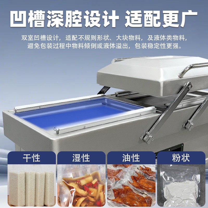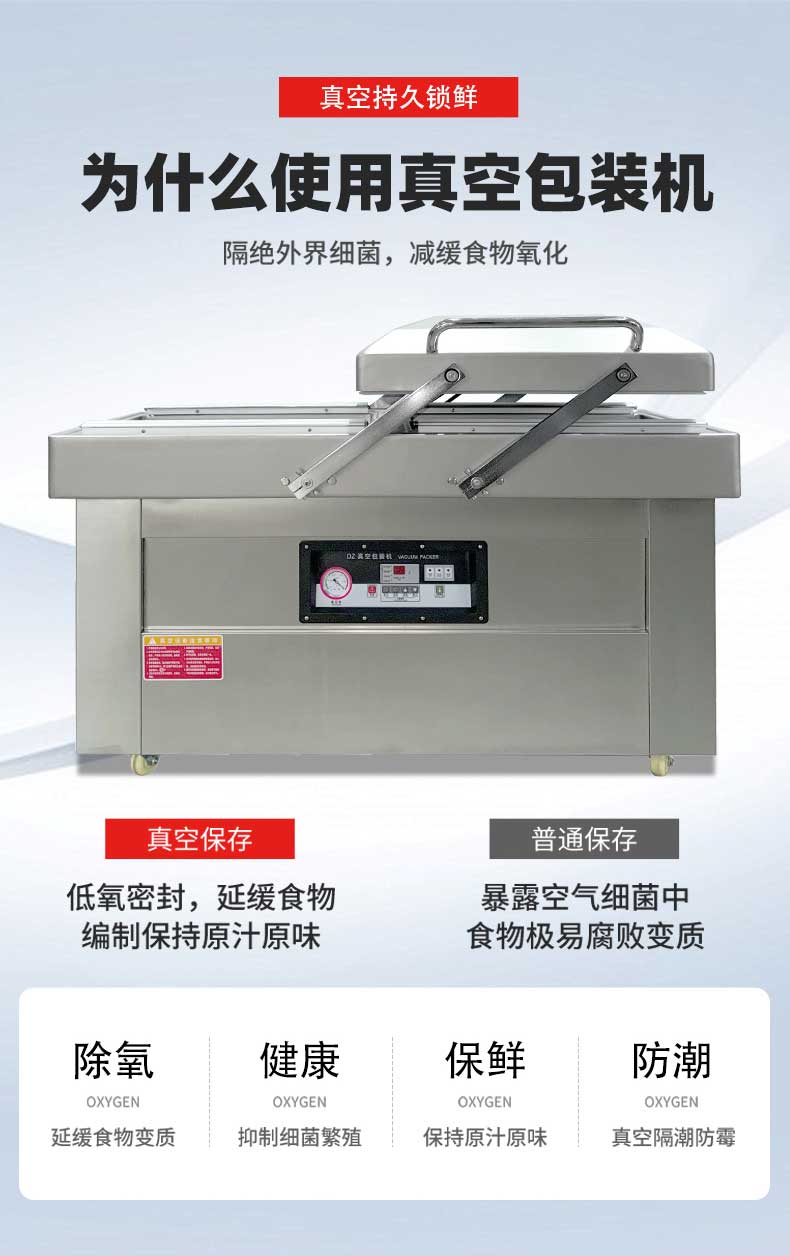 雙室真空包裝機(jī)可在真空包裝的基礎(chǔ)上,向包裝袋內(nèi)充入氮?dú)狻⒍趸嫉榷栊詺怏w或混合氣體,起到更好的防腐、防潮、防氧化等保質(zhì)效果
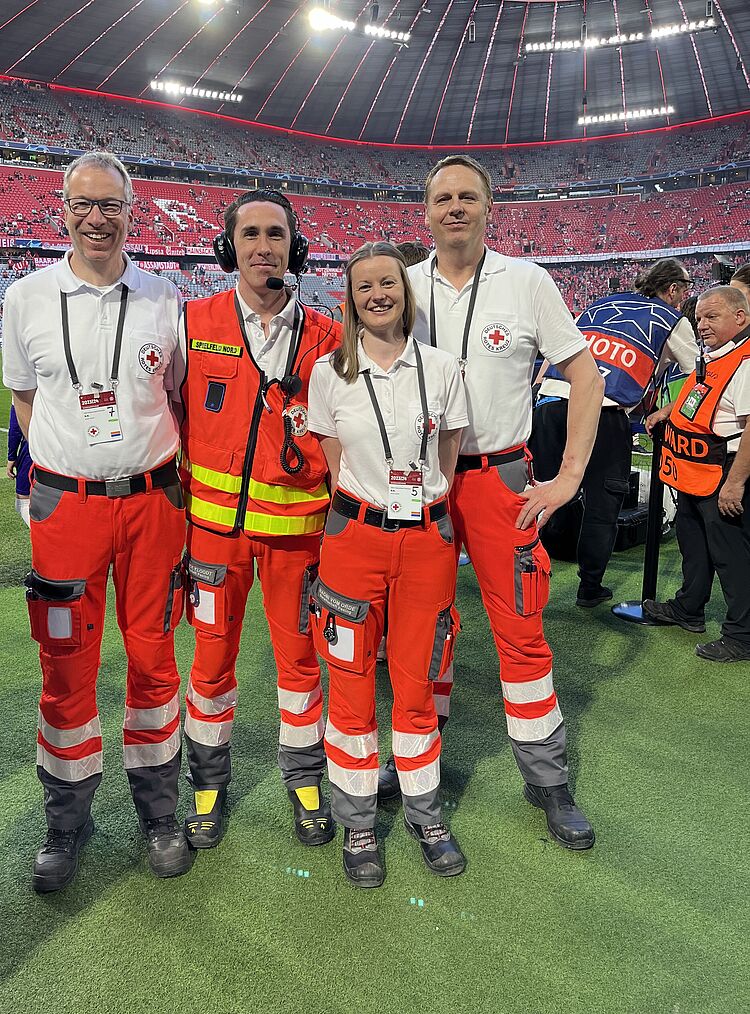 Jeder kennt die Allianz Arena, aber nur wenige wissen, wie der Sanitätsbereich dort aussieht. Unser Dienst beginnt in der Regel bereits 1,5 Stunden vor dem Spiel. Als Team machen wir uns gemeinsam auf den Weg von Pasing zur Allianz Arena, wo wir unsere Schlüssel und das notwendige Material erhalten.
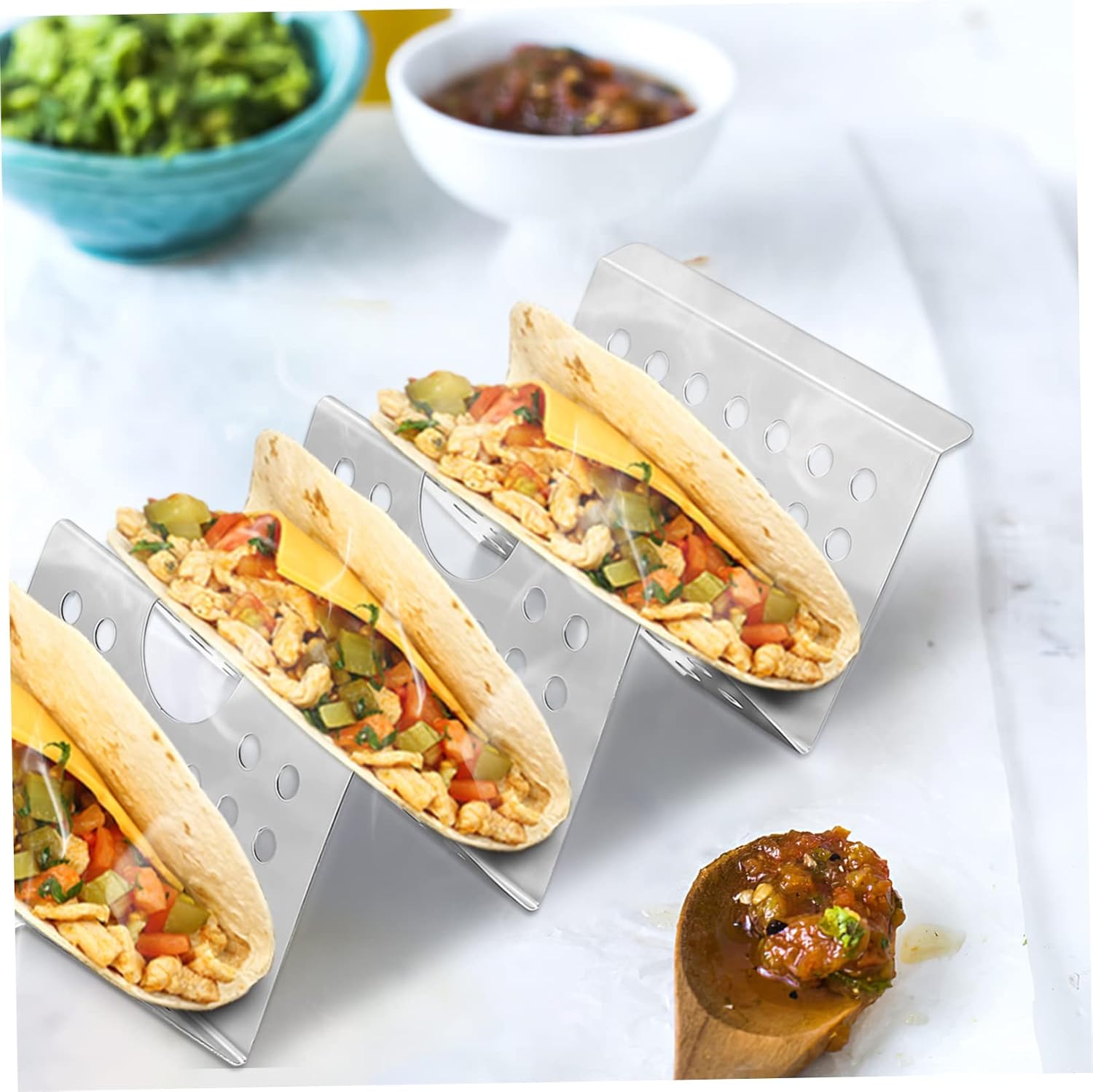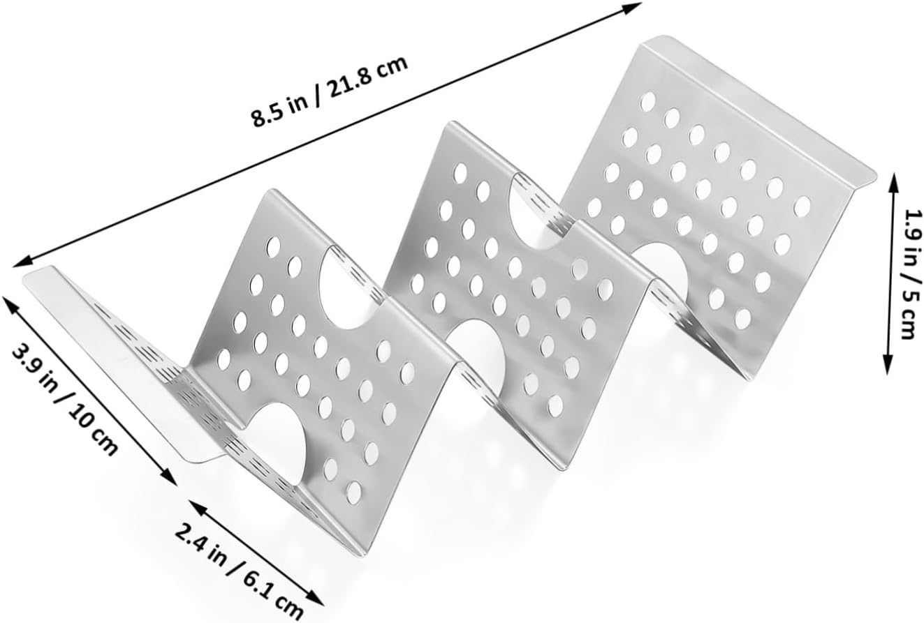 Package Include 8 x Taco Holders Characteristics -Color:Silver stainless steel taco holders -Size: About21.70X10.00X5.00cm/8.53X3.93X1.97inches taco holder -Material: Stainless steel taco rack with handle -They will keep the tortillas upright, whether they are putting on plates or baking in the oven . - for hosting family gatherings,fast-moving restaurant kitchens, and holiday parties metal taco holder. -Taco holders can be used to placeburritos, tortillas, hot dog pancakes, and more food taco holder taco tray with handle -There are many small round holes on eachside of the taco stands, which can heat up rapidly taco tray. -Made of stainless steel material, which isvery strong and safe and will not bend or deform taco tray holder.Goods Descriptionkitchen taco holder Designed to keep your food upright andbeautifully presented.taco stands The weldingprocess is stable and strong.burrito holder Whether you're having a party or simply cooking dinner,your delicious Mexican-style food will look portioned.pancake holder plate The taco holders are made of stainlesssteel, sturdy and wear-resistant
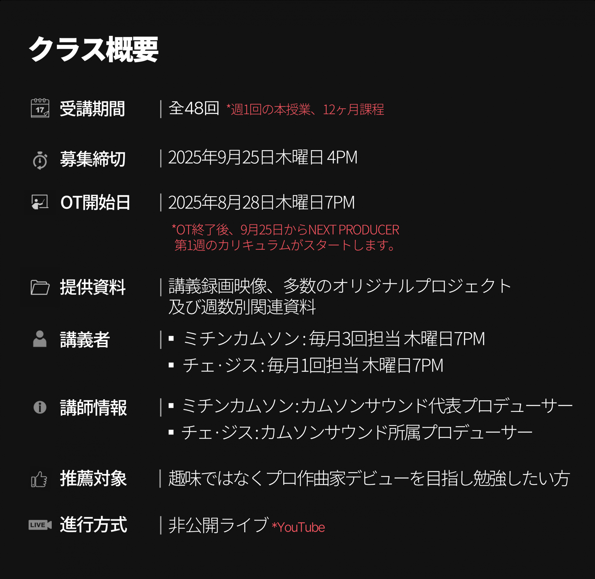 内線番号 | 1 - クラスに関するお問い合わせ 2 - 支払いに関するお問い合わせ 3 - 資料発送および技術チームへの接続 4 - マーケティングに関するお問い合わせ 5 - オペレーター接続およびその他のお問い合わせは カムソンサウンドのKAKAO・LINEチャンネルをご利用ください | ||
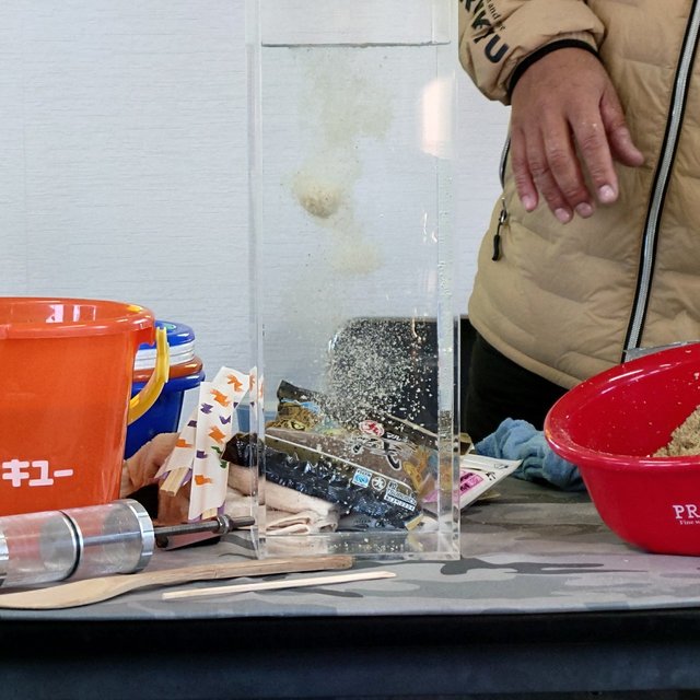 東久留米店井上です。10月下旬に発売されたマルキユー「瀑麩」の試釣会に椎の木湖へ行って来ました。へら師の皆さんはもう使われましたか??試釣会当日には、マルキユー杉本智也インストラクターをお招きしていただき、特殊水槽を用いて、直下型バラケ↓のご説明をしていただきました。わかりやすいご説明ありがとうございました。その後、3号桟橋の渡奥に移動します。この日は今シーズン一番の冷え込みで寒いです(笑)釣り座では杉本智也インストラクターの浮子を拝見しながらデモンストレーションで解説していただき、見事にへらを釣り上げてしまいます。さすがです。その後、実釣で各々の釣り座で「瀑麩」をブレンドした縛りで、釣り方は自由で開始。私は8尺メーターセットでやりました。
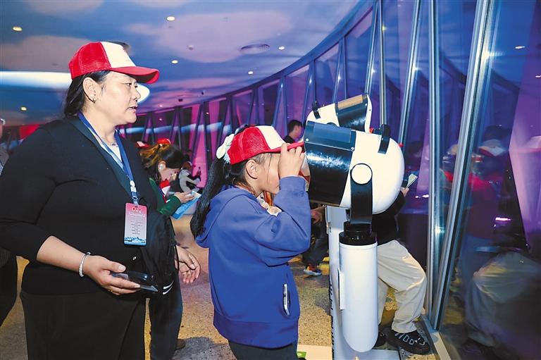 圖為參加冬令營研學(xué)交流活動的波密少先隊員在廣州塔用共享望遠(yuǎn)鏡眺望廣州城市夜景。記者 謝筱純 攝
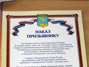 Сегодня, 1 октября 2012 года, стартовал очередной осенний призыв в ряды вооружённых сил РФ. Как сообщает официальный сайт Кремля, указ о призыве в октябре-декабре 2012 года подписал президент России Владимир Путин. По его распоряжению на службу в армию должны отправиться 140 тысяч 140 человек, что на 4,3 тысячи молодых людей больше, чем было призвано год назад - в ходе осеннего призыва 2011 года в войска было отправлено 135 тысяч 850 срочников. План по количеству призывников установлен свой для каждого субъекта Федерации, Челябинская область отправит служить почти пять тысяч человек. 20 южноуральцев пополнят элитное подразделение вооружённых сил - президентский полк, в их числе будет и призывник из Миасса, Сергей Вовченко. Как рассказал сегодня журналистам начальник отдела военного комиссариата по городу Миасс Сергей Васильев, на службу в президентском полку претендовало три миасских призывника, но две кандидатуры были отвергнуты. "Требования и отбор для службы в этом подразделении на порядок строже, чем в отряде космонавтов", - уточнил военком. Наряд на призыв на осень скорректирован с учётом того, что весной Миасс не успел отправить в войска около сорока выпускников ВУЗов и техникумов. В итоге в Миассе планируется призвать на действительную военную службу 210 человек. Напомним, что весной этого года при наряде 259 человек было призвано 264 человека, а отправлено в войска 221. Географически наши призывники будут служить практически во всех регионах страны, большая часть - около 70 человек - в Центральном военном округе, порядка десяти призывников будут миротворцами в Южном военном округе. Не меняется и "раскладка" по родам войск. По-прежнему уральских ребят ждут в сухопутных и космических войсках, подразделениях правительственной связи и на флоте. Основное отличие, по словам Сергея Васильева, это то, что практически половина из призыва затребована с высокими требованиями по режимности. Это значит, что отделу призыва военкомата необходимо произвести строгий отбор, исключить призывников, имеющих проблемы с законом или психические отклонения. Внимание уделяется и подготовке квалифицированных водителей. В этом году войскам требуется порядка 60 специалистов, в том числе один водитель с категорией "Е". Подготовку будущих воинов для транспортных подразделений проводит миасское отделение ДОСААФ, группы набираются регулярно, занятия на очередных курсах начнутся уже в этот четверг. Совместно со службой участковых отдела МВД по городу Миасс и представителями казачества военкоматом проводятся системные мероприятия по поиску так называемых "уклонистов". Кстати, привлечение к розыску казаков дало свои результаты. Кроме того, вразумляют уклонистов и административные штрафы. За неявку по повестке на медкомиссию и на призывной пункт на гражданина накладывается штраф от 100 до 500 рублей. Только за текущий год было оштрафовано почти 300 уклонистов. Кроме солдат-срочников ведётся набор и на службу по контракту. В военкомате обращают внимание на то, что число желающих служить в войсках растёт. Видимо, усилия по модернизации вооружённых сил дают свои плоды.
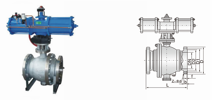 氣動(dòng)固定式球閥外形結(jié)構(gòu)圖:
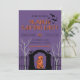 Convide seus amigos para uma noite festiva de criatividade e diversão com nosso Convite para Festa de Decoração de Abóboras. Este design impressionante apresenta um fundo roxo rico que define o clima perfeito para o Halloween. Na parte inferior, silhuetas de uma entrada de cemitério e uma cerca assustadora enquadram o convite, enquanto árvores sinistras pairam ao fundo, adicionando um elemento de mistério.
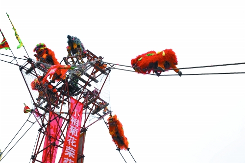 十幾米的高臺(tái),四周用繩子牽引,獅子就利用繩子爬上高臺(tái)。隨著上面“板叉”“頭扛尾”“倒立”等驚險(xiǎn)表演,臺(tái)下不時(shí)發(fā)出驚呼聲,孩子們都看得目不轉(zhuǎn)睛,許多人拿著手機(jī)拍照,附近居民樓上許多人從窗戶(hù)里探身往外看。
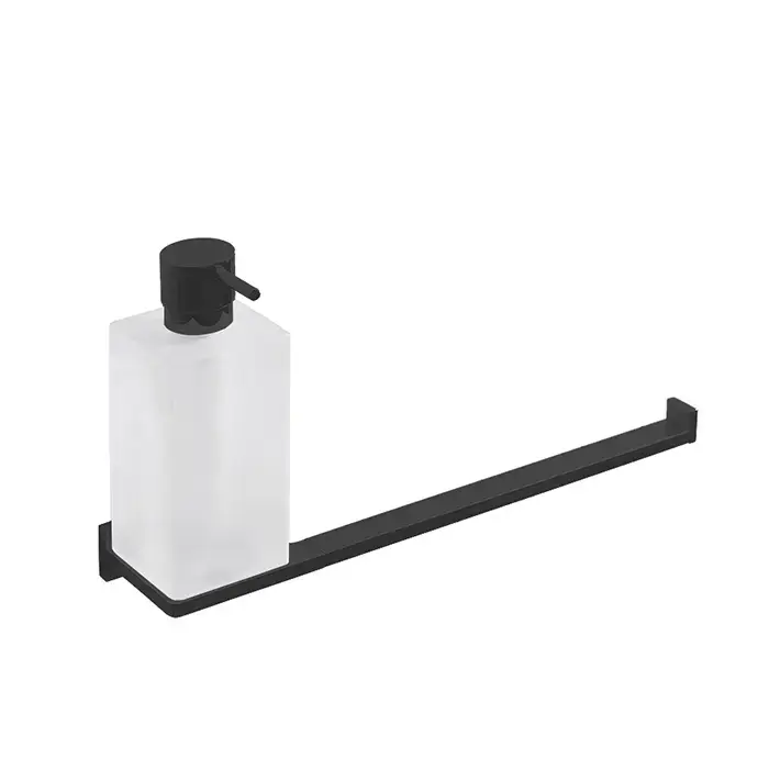 Colombo Look Полотенцедержатель с дозатором для жидкого мыла, подвесной, цвет: чёрный матовый/матовое стекло

> _EXERCISE AIM_
Word for word, reproduce each line from the one with "Convide seus amigos" through the last line of the material above, both included, and drop the pictures.

> _RESULT FOR THIS TASK_
 Convide seus amigos para uma noite festiva de criatividade e diversão com nosso Convite para Festa de Decoração de Abóboras. Este design impressionante apresenta um fundo roxo rico que define o clima perfeito para o Halloween. Na parte inferior, silhuetas de uma entrada de cemitério e uma cerca assustadora enquadram o convite, enquanto árvores sinistras pairam ao fundo, adicionando um elemento de mistério.
 十幾米的高臺(tái),四周用繩子牽引,獅子就利用繩子爬上高臺(tái)。隨著上面“板叉”“頭扛尾”“倒立”等驚險(xiǎn)表演,臺(tái)下不時(shí)發(fā)出驚呼聲,孩子們都看得目不轉(zhuǎn)睛,許多人拿著手機(jī)拍照,附近居民樓上許多人從窗戶(hù)里探身往外看。
 Colombo Look Полотенцедержатель с дозатором для жидкого мыла, подвесной, цвет: чёрный матовый/матовое стекло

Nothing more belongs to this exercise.